Since each computer only stores its local sub-image, information needs to be communicated between neighboring sub-images in order to ensure global consistency of the solution. Since DRC is a particle method, we use the Parallel Particle Mesh (PPM) library [1719] for work distribution and orchestration of the parallel communication. In the following, we briefly review DRC and then describe how it can be parallelized in a distributed-memory environment. We then present the main algorithmic contribution that made this possible: the distributed independent-sub-graph algorithm. We demonstrate correctness of the parallel implementation by comparing with the sequential reference implementation of DRC [15], as available in ITK [20]. We then benchmark the scalability and parallel efficiency of the new parallel implementation on synthetic images, where the correct solution is known. Finally, we showcase the use of the present implementation for acquisition-rate segmentation of light-sheet fluorescence microscopy images.

Methods

Since the introduction of active contours [21], deformable models have extensively been used for image segmentation. They are characterized by a geometry representation and an evolution law [22]. Thorough reviews of deformable models can be found in Refs. [22, 23]. The geometry representation of the evolving contours in the image can be continuous or discrete, and in either case implicit (also called “geometric models”) or explicit (also called “parametric models”) [24].

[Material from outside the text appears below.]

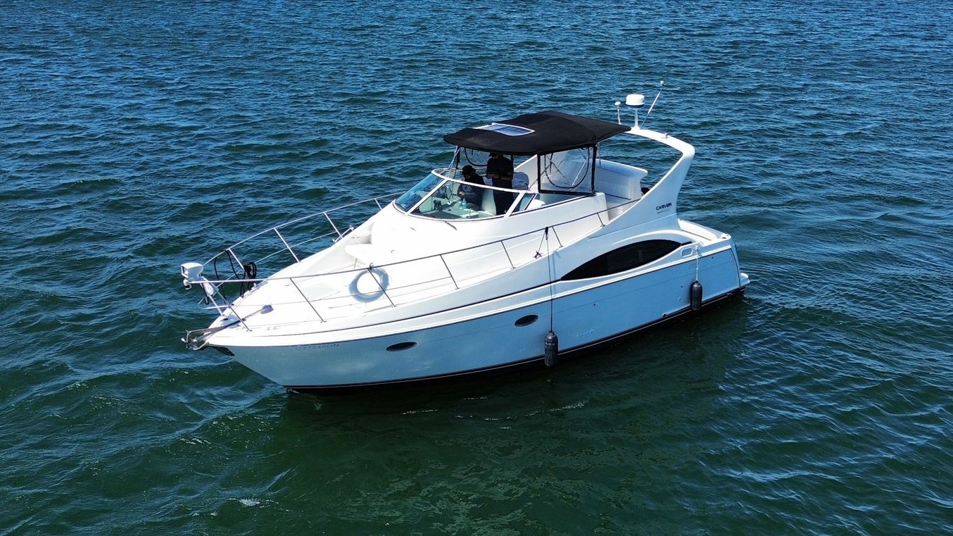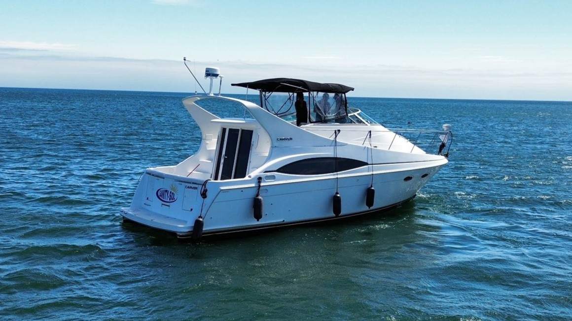 The Carver 350 Mariner is one of the most popular models in its class thanks to its huge interior volume using the full beam, incredible flybridge layout offering direct access to bow, and reliable Volvo power.

Review of Discrete Region Competition

Inspired by discrete level-set methods [25], and motivated by the wish to delineate different objects in an image as individual regions, Cardinale et al. [15] presented a discrete deformable model where the contour is represented by computational particles placed on the pixel grid. This is illustrated in Fig 1 and provides a geometry representation that is both explicit and implicit [25]. During the iterative segmentation process, the particles migrate to neighboring pixels and hence deform the contour. This migration is driven by an energy-minimization flow. Additional topological constraints ensure that contours remain closed and/or connected. The algorithm is a discrete version of Region Competition [26], which converges to a locally optimal solution. It is called Discrete Region Competition (DRC), since particles from adjacent regions compete for ownership over pixels along common boundaries.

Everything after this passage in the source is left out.